Up to and including the line with "If you're looking", restate the records below word for word, beginning with their first line.

Items from a data source:
####################

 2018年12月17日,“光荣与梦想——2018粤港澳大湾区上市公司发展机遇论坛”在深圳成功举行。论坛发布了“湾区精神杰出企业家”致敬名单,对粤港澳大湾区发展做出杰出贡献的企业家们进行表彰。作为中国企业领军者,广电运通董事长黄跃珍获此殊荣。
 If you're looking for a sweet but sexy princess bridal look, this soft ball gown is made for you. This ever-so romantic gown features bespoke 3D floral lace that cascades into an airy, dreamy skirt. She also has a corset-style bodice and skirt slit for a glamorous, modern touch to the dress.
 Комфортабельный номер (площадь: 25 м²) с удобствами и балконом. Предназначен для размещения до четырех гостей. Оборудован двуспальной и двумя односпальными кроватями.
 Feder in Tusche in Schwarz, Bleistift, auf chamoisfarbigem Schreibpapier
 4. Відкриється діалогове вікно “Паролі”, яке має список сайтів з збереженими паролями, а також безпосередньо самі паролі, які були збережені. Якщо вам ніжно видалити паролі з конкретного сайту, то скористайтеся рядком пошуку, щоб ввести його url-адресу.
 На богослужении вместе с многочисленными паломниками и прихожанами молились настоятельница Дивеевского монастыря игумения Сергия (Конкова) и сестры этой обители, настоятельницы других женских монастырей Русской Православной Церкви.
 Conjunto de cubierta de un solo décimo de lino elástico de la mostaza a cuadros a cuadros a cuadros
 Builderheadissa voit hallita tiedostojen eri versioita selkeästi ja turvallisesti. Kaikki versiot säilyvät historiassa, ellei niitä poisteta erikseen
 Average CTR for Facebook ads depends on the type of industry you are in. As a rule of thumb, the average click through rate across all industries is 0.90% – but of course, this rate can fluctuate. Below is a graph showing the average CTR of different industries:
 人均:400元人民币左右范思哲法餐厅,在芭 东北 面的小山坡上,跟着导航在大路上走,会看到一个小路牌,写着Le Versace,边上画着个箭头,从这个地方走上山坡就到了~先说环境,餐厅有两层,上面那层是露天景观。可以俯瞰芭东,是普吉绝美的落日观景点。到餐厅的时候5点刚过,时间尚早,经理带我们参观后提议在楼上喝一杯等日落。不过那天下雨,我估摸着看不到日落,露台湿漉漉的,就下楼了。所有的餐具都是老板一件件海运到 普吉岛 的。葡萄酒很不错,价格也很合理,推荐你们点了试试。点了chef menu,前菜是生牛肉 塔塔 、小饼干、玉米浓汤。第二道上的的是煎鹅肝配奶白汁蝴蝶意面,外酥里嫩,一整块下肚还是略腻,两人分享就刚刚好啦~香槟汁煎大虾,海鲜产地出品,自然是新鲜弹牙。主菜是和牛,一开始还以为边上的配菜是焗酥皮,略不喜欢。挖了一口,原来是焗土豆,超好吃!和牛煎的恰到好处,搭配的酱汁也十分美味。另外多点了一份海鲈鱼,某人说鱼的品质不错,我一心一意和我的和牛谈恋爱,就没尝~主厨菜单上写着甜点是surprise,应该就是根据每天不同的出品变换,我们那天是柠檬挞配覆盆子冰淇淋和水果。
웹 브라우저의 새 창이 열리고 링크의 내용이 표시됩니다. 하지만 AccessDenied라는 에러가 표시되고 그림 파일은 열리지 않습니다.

####################

• _Finished exercise_
 2018年12月17日,“光荣与梦想——2018粤港澳大湾区上市公司发展机遇论坛”在深圳成功举行。论坛发布了“湾区精神杰出企业家”致敬名单,对粤港澳大湾区发展做出杰出贡献的企业家们进行表彰。作为中国企业领军者,广电运通董事长黄跃珍获此殊荣。
 If you're looking for a sweet but sexy princess bridal look, this soft ball gown is made for you. This ever-so romantic gown features bespoke 3D floral lace that cascades into an airy, dreamy skirt. She also has a corset-style bodice and skirt slit for a glamorous, modern touch to the dress.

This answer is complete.